Personal information
- Born: Robert Andrew Hungaski December 8, 1987 (age 38) Stamford, Connecticut, U.S.

Chess career
- Country: United States
- Title: Grandmaster (2013)
- FIDE rating: 2493 (July 2026)
- Peak rating: 2554 (March 2022)

= Robert Hungaski =

American chess grandmaster and coach (born 1987)

Robert Andrew Hungaski (born December 8, 1987) is an American-Argentine chess player and coach. He was awarded the FIDE title of Grandmaster (GM) in 2013.

==Early life and education==
Born in Stamford, Connecticut on December 8, 1987 to an American father and an Argentine mother. Following his parents separation, he moved to Argentina at a young age and discovered chess within an after-school program at the age of six. Determined to pursue chess professionally by twelve, he dedicated himself to the game while excelling in his academic pursuits.

He achieved the title of International Master at age of 18 while in his senior year of high school, followed by title of Grandmaster at age of 24 during his college years.

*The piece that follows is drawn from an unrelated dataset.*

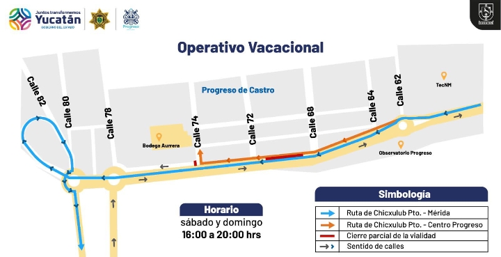 Por su parte, quienes transiten de Chicxulub al Centro de Progreso, cuando lleguen a la glorieta de la calle 62 tomarán la lateral hasta la calle 74 en donde darán vuelta a la derecha.

Robert Hungaski earned a Bachelor of Arts degree in Political Science and Philosophy from the University of Connecticut in 2012, accompanied by minors in English and Middle Eastern Studies. Additionally, he holds an Emergency Medical Technician (EMT) certification issued by the State of New York.

==Career==
===Chess player===
He won a gold medal at the Pan-American Junior Chess Championship in Ecuador in 2007, won the New York International in 2011, the Amsterdam International in 2012, the Argentina Cup in Buenos Aires in 2015 and the Montevideo Blitz Open in 2018.

He qualified to play in the Chess World Cup 2021, where he was defeated 1½-½ by Velimir Ivić in the first round.

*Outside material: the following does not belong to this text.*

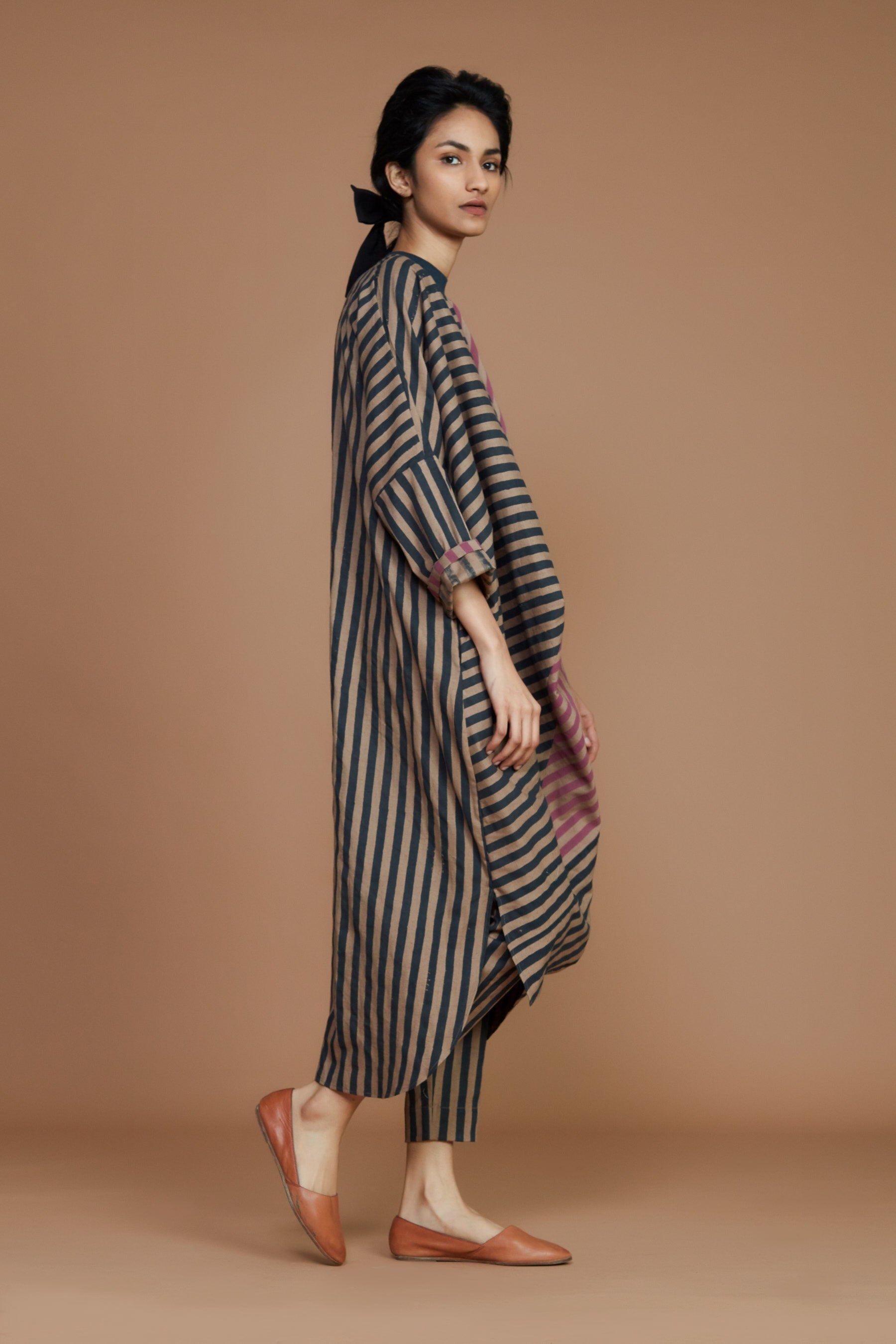 Subtle yet chic, this rib cowl tunic is perfect pick for a day out. This versatile style can be worn as a sporty-laid back look or you can team it up with delicate earrings & flats to rock the day! Complete the look with the matching striped pants

In January 2022, he took second place in the Floripa Chess Open, the largest open chess tournament in Brazil.

In February 2022, he took second place in the Montevideo Chess Open.

===Chess coach===
Beyond his playing career, Hungaski possesses extensive experience as a chess coach. He holds the FIDE Senior Trainer title and frequently contributes to the development of young US players by participating in the coaching team for the World Youth Chess Championship and World Cadet Championships.

Between July 28 and August 10, 2022 he was captain of Argentina's Open Section Olympic Team.